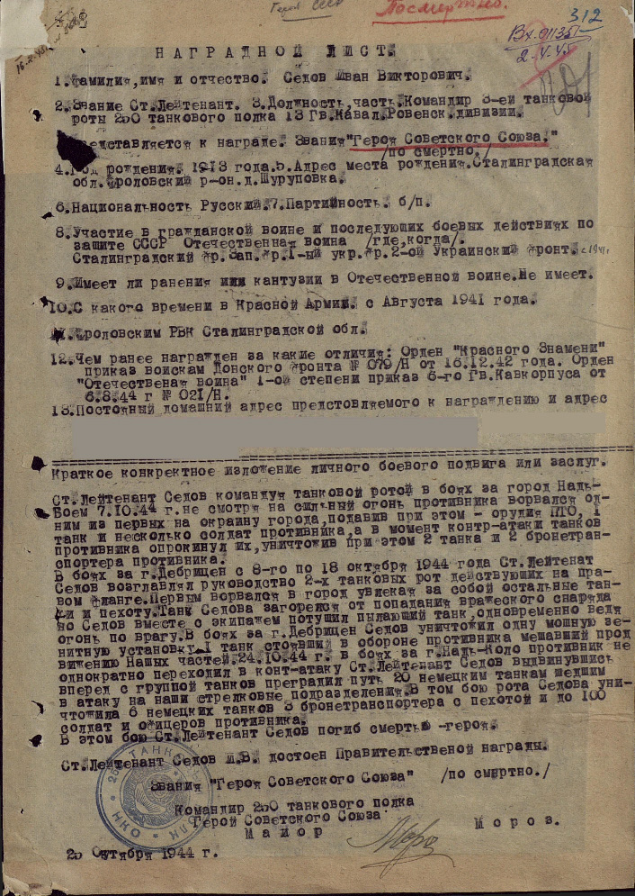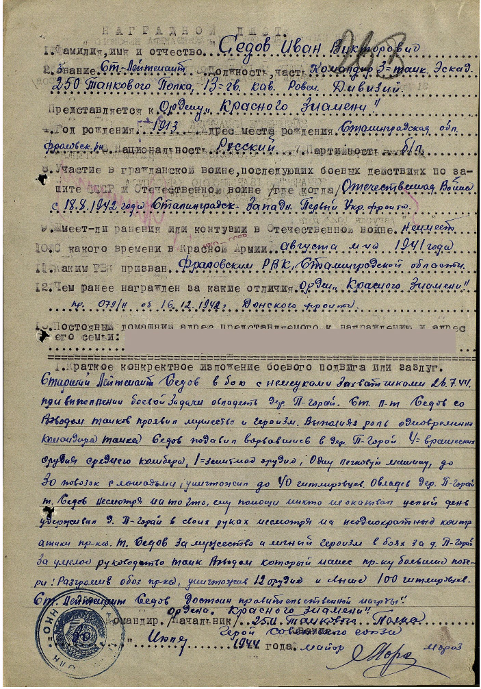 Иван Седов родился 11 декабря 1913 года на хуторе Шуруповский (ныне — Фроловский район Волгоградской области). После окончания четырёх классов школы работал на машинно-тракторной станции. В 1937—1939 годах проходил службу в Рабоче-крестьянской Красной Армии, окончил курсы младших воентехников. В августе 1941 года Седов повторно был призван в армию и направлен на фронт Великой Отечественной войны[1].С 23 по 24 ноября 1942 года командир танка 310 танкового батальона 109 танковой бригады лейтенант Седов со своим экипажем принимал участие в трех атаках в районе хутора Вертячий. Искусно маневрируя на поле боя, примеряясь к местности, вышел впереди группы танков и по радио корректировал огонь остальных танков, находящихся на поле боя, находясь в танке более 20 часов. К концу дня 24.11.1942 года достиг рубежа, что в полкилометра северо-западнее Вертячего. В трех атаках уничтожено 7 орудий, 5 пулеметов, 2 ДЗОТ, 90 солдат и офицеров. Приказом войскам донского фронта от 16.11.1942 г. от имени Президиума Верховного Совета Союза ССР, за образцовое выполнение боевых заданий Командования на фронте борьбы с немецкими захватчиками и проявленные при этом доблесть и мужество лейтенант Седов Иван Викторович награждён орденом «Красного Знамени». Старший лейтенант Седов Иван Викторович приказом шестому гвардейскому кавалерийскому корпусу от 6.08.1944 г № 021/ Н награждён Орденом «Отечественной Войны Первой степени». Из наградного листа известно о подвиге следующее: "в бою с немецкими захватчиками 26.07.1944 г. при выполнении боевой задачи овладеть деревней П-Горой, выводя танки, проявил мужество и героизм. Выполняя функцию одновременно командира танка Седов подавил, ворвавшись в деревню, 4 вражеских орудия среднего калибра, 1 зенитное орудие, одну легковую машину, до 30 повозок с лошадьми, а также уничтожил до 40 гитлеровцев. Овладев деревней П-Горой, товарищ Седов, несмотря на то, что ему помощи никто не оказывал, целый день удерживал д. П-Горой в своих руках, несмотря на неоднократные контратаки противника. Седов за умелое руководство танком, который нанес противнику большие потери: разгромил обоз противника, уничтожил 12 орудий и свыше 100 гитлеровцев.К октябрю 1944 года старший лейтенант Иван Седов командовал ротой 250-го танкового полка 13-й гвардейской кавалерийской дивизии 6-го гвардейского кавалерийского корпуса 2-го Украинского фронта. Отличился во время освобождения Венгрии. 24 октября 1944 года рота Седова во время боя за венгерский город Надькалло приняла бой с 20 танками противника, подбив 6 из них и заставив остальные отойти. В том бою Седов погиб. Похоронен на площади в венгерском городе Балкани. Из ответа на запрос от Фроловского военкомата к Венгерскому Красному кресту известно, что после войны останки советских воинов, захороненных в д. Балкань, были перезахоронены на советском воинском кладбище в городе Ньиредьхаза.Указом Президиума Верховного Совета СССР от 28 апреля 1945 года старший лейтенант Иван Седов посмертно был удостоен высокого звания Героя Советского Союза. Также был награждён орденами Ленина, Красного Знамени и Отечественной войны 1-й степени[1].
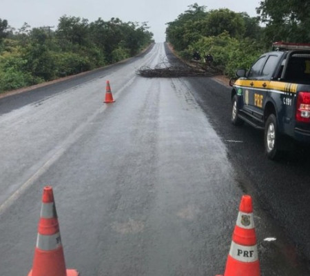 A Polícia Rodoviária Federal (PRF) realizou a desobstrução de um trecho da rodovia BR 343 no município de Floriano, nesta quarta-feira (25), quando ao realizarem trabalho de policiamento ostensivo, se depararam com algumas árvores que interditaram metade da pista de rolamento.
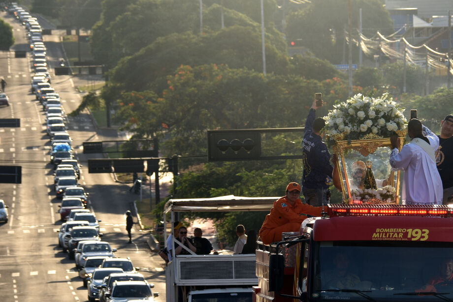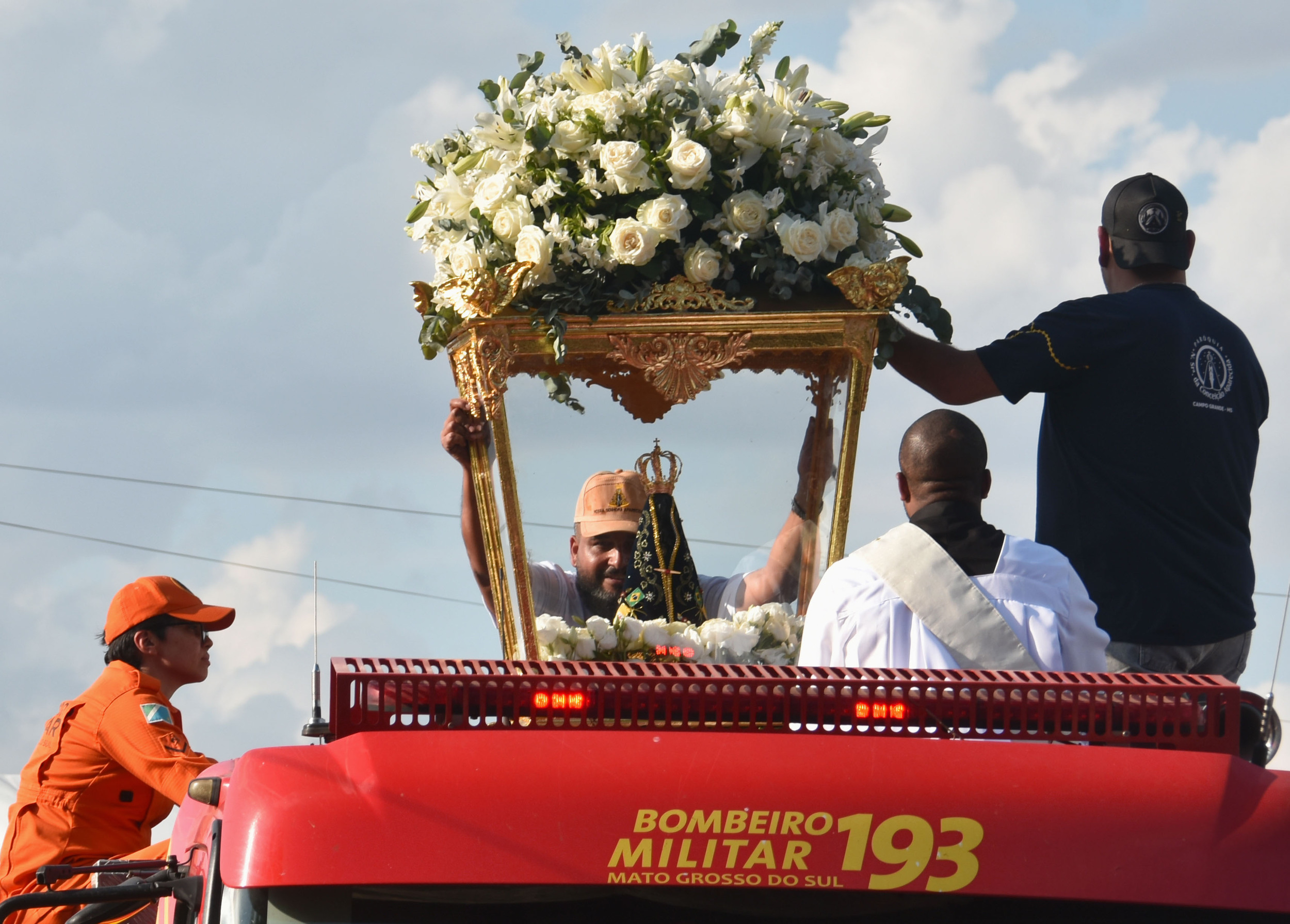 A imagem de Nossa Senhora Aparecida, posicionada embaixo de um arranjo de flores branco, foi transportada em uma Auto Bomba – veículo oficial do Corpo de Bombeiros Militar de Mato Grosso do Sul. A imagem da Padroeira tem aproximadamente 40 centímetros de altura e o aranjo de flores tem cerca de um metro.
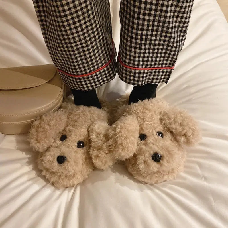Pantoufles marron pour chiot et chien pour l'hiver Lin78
━━━━━━━━━━━━━━━━
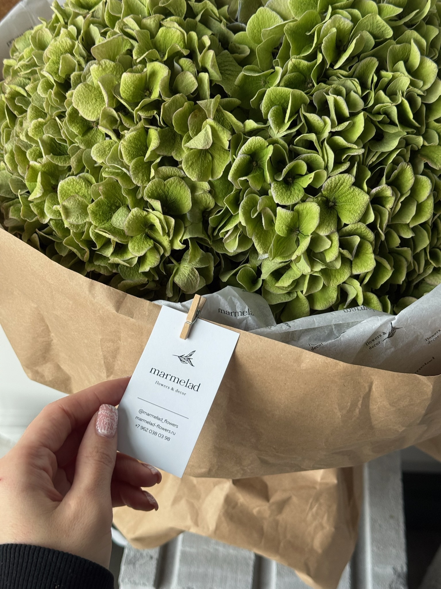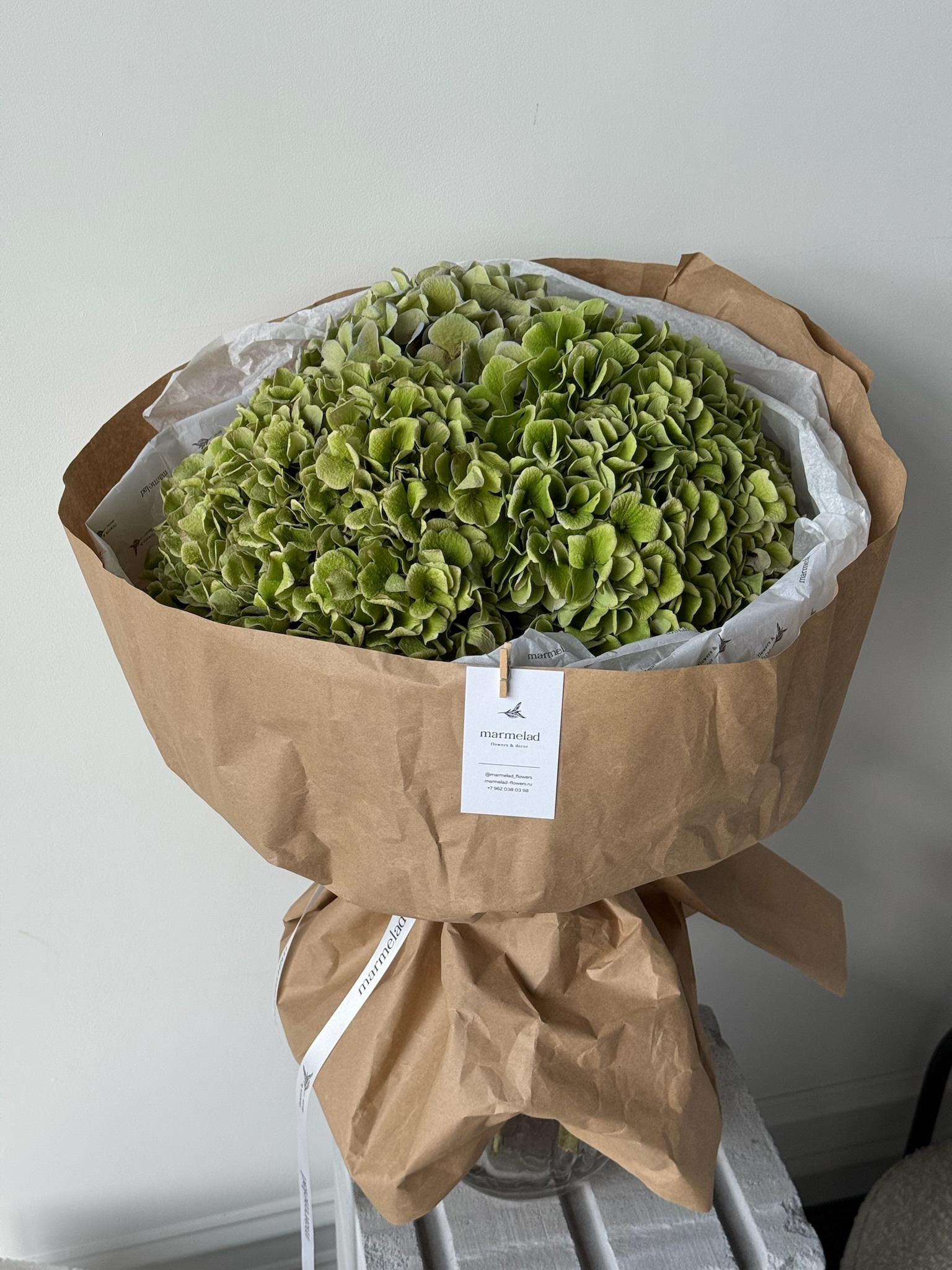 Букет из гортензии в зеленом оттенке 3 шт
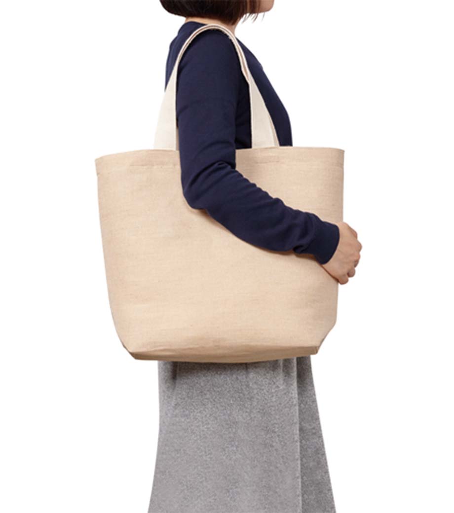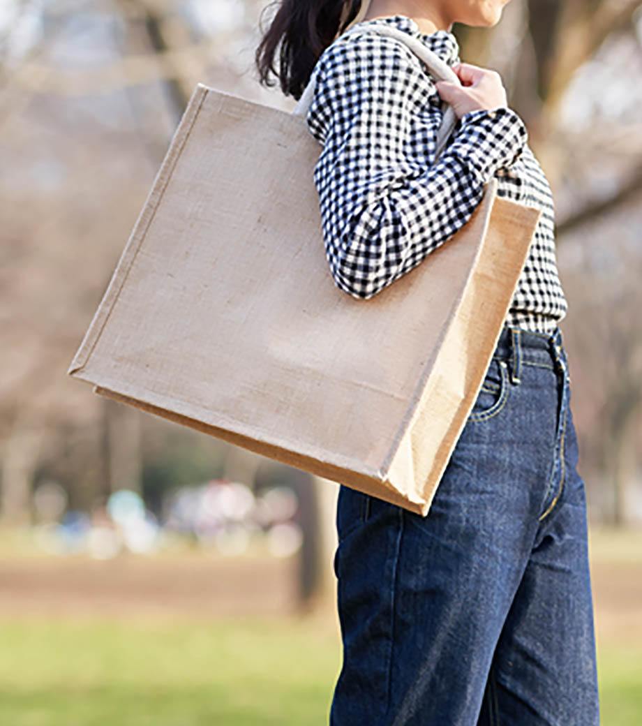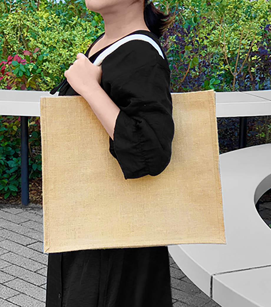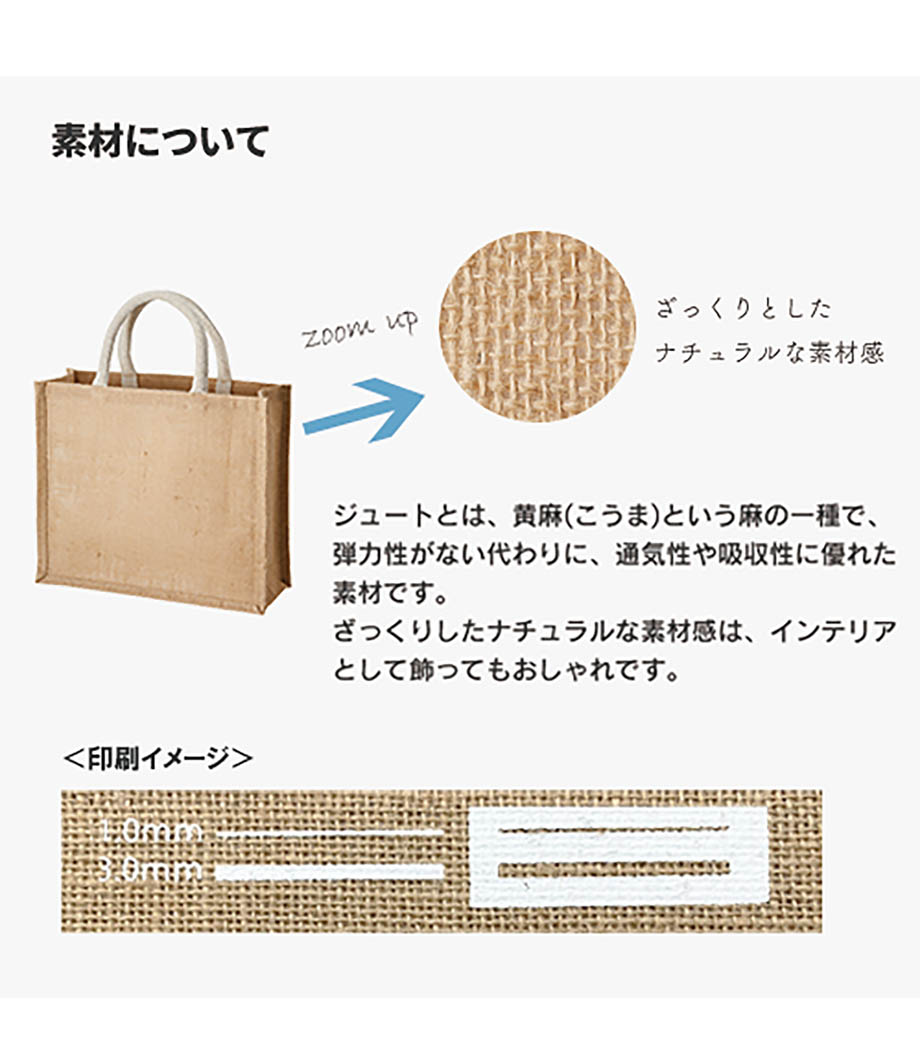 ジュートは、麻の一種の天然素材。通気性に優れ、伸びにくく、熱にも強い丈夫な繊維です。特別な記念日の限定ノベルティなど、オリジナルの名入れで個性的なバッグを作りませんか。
━━━━━━━━━━━━━━━━
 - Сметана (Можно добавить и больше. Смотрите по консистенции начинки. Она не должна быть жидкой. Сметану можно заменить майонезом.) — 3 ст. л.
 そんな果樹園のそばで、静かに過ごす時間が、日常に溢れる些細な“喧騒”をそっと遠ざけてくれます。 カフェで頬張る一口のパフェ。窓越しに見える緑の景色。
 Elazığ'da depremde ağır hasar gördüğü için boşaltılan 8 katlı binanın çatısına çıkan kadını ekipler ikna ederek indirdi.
━━━━━━━━━━━━━━━━
- _Task requirements_
A clean copy is needed of the lines above from the one with "A imagem de" up to and including the one with "Pantoufles marron pour". Please set it down exactly, with no pictures.

- _Expected answer_
 A imagem de Nossa Senhora Aparecida, posicionada embaixo de um arranjo de flores branco, foi transportada em uma Auto Bomba – veículo oficial do Corpo de Bombeiros Militar de Mato Grosso do Sul. A imagem da Padroeira tem aproximadamente 40 centímetros de altura e o aranjo de flores tem cerca de um metro.
Pantoufles marron pour chiot et chien pour l'hiver Lin78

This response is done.